Controversy surrounding stem cell research
There exists a widespread controversy over stem cell research that emanates from the techniques used in the creation and usage of stem cells. Embryonic stem cell research is particularly controversial because, with the present state of technology, starting a stem cell line requires the destruction of a human embryo and/or therapeutic cloning. Opponents of the research argue that this practice is a slippery slope to reproductive cloning and tantamount to the instrumentalization of a human being. Contrarily, medical researchers in the field argue that it is necessary to pursue embryonic stem cell research because the resultant technologies are expected to have significant medical potential, and that the embryos used for research are only those slated for destruction anyway. The ensuing debate has prompted authorities around the world to seek regulatory frameworks and highlighted the fact that stem cell research represents a social and ethical challenge.

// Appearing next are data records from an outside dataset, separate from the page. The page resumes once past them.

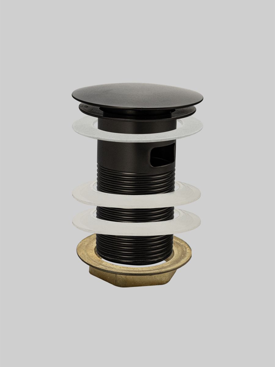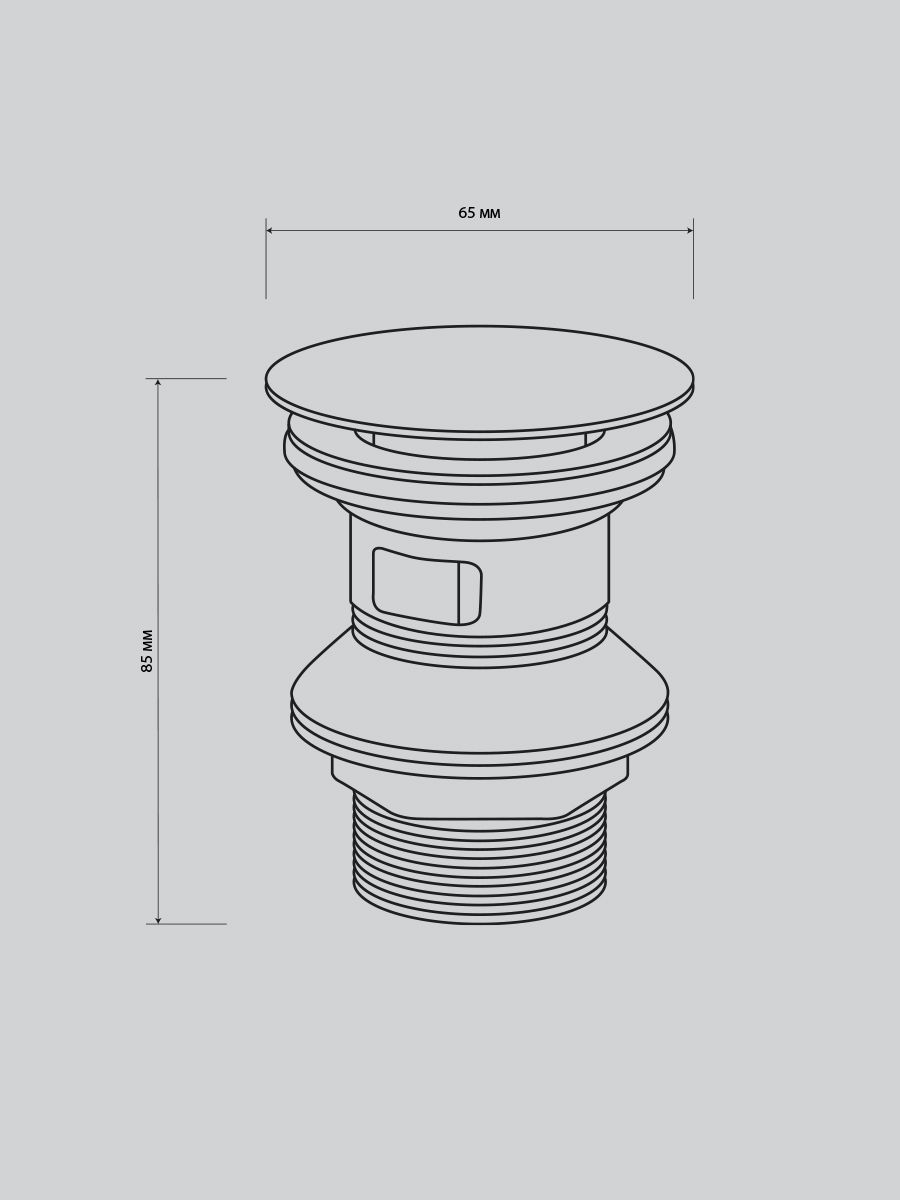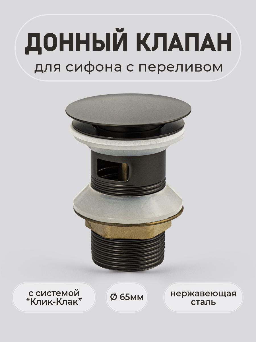 Донный клапан из нержавеющей стали с переливом, цвет графит, представляет собой несложный механизм, который устанавливается непосредственно в сливное отверстие раковины и работает как пробка, с системой “Клик-Клак” 1 ¼' и с большой заглушкой клапан надежно закроет сливное отверстие раковины. Нужно использовать для умывальников с переливом. Габаритные размеры: высота 85 мм, диаметр 65 мм. Вес - 0,25 кг, объём - 0,00053 м3.
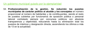 La medida nº 28 prometía la «eliminación de los coches oficiales. Los desplazamientos podrán hacerse con los taxis con licencia de la zona», sin embargo sigue habiendo un coche oficial en el que se desplaza el alcalde. «No queremos enchufados, VOX se compromete a que con carácter general, los puestos de trabajo sean desempeñados por personal funcionario o personal laboral. Por ello se procederá a la eliminación del personal de confianza de libre designación. Se contratará por concurso de méritos«, decía la medida nº 49. Sin embargo, el militante Federico Fernández de la Puente Isusi ya representa al Grupo Municipal como responsable de prensa. Y además posee otra jefa de prensa compartida con el PP para promocionar las labores del pacto de Gobierno, aunque se había comprometido también durante la campaña electoral a la «neutralidad institucional».
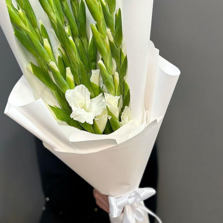 На фото букет из 11 белых гладиолусов. В составе: гладиолус 11 шт, дизайнерская упаковка 1 шт, . Все цветы свежие и ароматные, букет красиво оформлен и отлично подходит для подарка. Доступна доставка цветов или самовывоз.
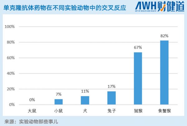 2019年一项针对39个单克隆抗体药物在实验动物中产生交叉反应的实验显示,大鼠完全没有交叉反应,兔子、狗、小鼠的数据都在20%以下,绒猴的交叉反应为67%,食蟹猴的交叉反应是最高的,可达82%。可见,实验猴在生物大分子实验中是不可替代的。

Key events in stem cell research
- 1960s - Joseph Altman and Gopal Das present evidence of adult neurogenesis, ongoing stem cell activity in the brain; their reports contradict Cajal's "no new neurons" dogma and are largely ignored
- 1963 - McCulloch and Till illustrate the presence of self-renewing cells in mouse bone marrow
- 1968 - bone marrow transplant between two siblings successfully treats SCID
- 1978 - haematopoietic stem cells are discovered in human cord blood
- 1981 - mouse embryonic stem cells are derived from the inner cell mass
- 1992 - neural stem cells are cultured in vitro as neurospheres
- 1995 - President Bill Clinton signs into law the Dickey Amendment which prohibited Federally appropriated funds to be used for research where human embryos would be either created or destroyed.

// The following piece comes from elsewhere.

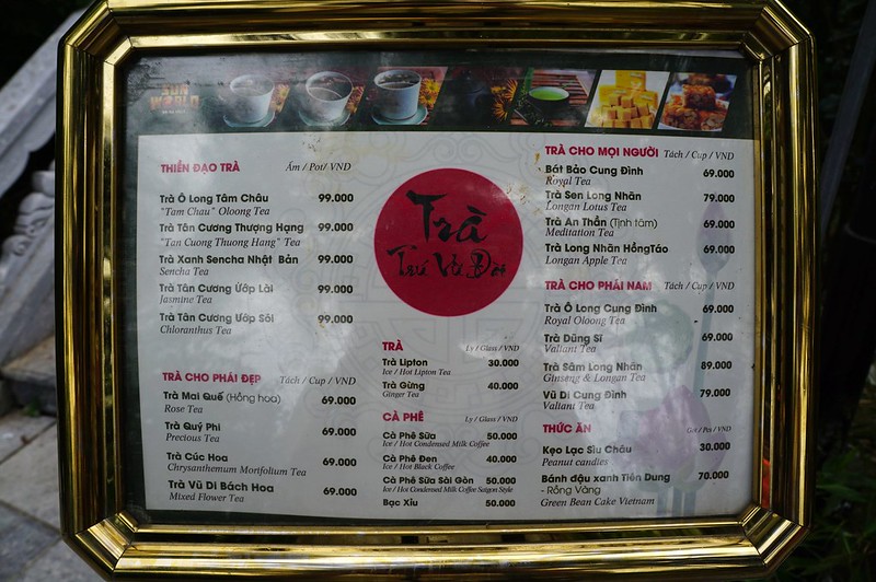 立頓紅茶30,000VND,薑茶40,000VND,杯茶69,000~89,000VND,整壺的茶99,000VND,也有咖啡(40,000~50,000VND) 以及配茶的點心,像是綠豆糕、花生。
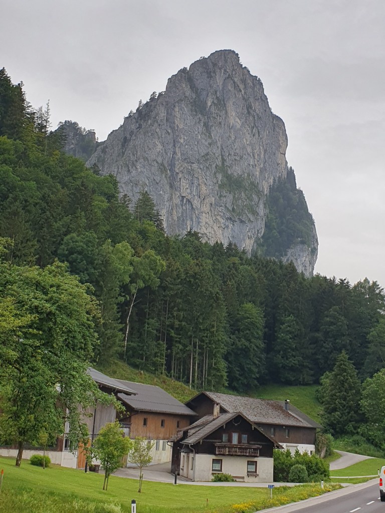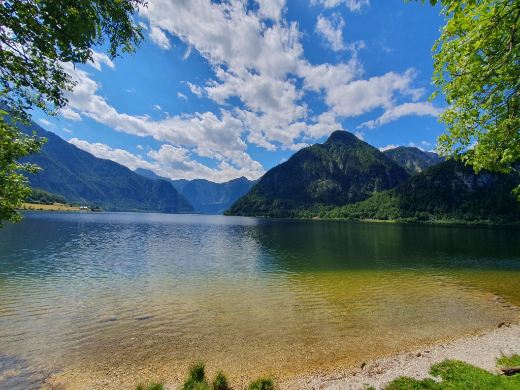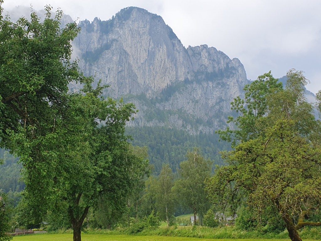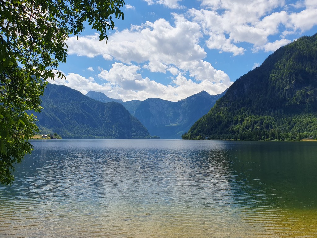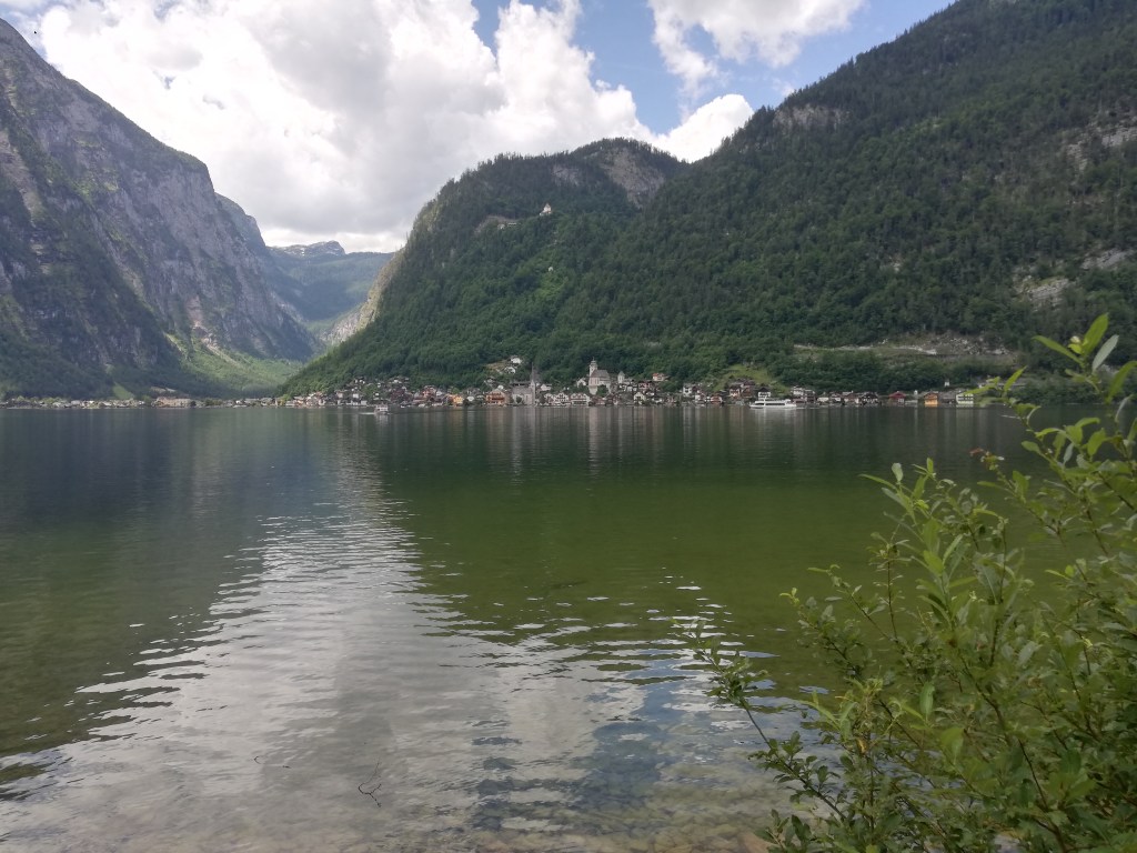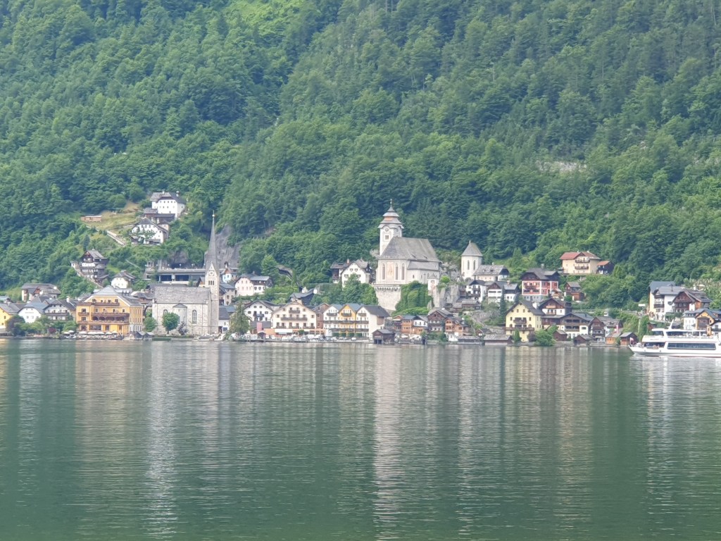 Kurz danach könnte man vom Bahnhof Hallstatt mit der Fähre hinüber ins Städtchen Hallstatt fahren, wir radelten aber weiter bis Obertraun und dann die Straße am Westufer bis Hallstatt. Kaum waren wir in der Fußgängerzone, begann es zu regnen und als wir einen Platz in einem Café ergattert hatten, schüttete es bereits. Wir konnten so im Trockenen abwarten, bis der Spuk wieder vorbei war.

- 1997 - leukemia is shown to originate from a haematopoietic stem cell, the first direct evidence for cancer stem cells
- 1998 - James Thomson and coworkers derive the first human embryonic stem cell line at the University of Wisconsin-Madison.
- 2000s - several reports of adult stem cell plasticity are published
- 2003 - Dr. Songtao Shi of NIH discovers new source of adult stem cells in children's primary teeth
- 2004-2005 - Hwang Woo-Suk claims to have created several human embryonic stem cell lines from unfertilised human oocytes. The lines are later shown to be fabricated
- 2005 - Researchers at Kingston University in England claim to have discovered a third category of stem cell, dubbed cord-blood-derived embryoniclike stem cells (CBEs), derived from umbilical cord blood. The group claims these cells are able to differentiate into more types of tissue than adult stem cells.
- 2001-2006 - President George W. Bush endorses the United States Congress in providing limited federal funding for embryonic stem cell research totalling approximately $100 million. At the same time, he also enacts laws that restrict federally funded stem cell research on embryonic stem cells to the already derived but dwindling cell lines. Bush also endorsed funding for a total of $250 million dollars for research on adult and animal stem cells.
- July 19, 2006 - President George W. Bush vetoes H.R. 810, a bill that would have reversed the Clinton-era law which made it illegal for Federal money to be used for research where stem cells are derived from the destruction of an embryo.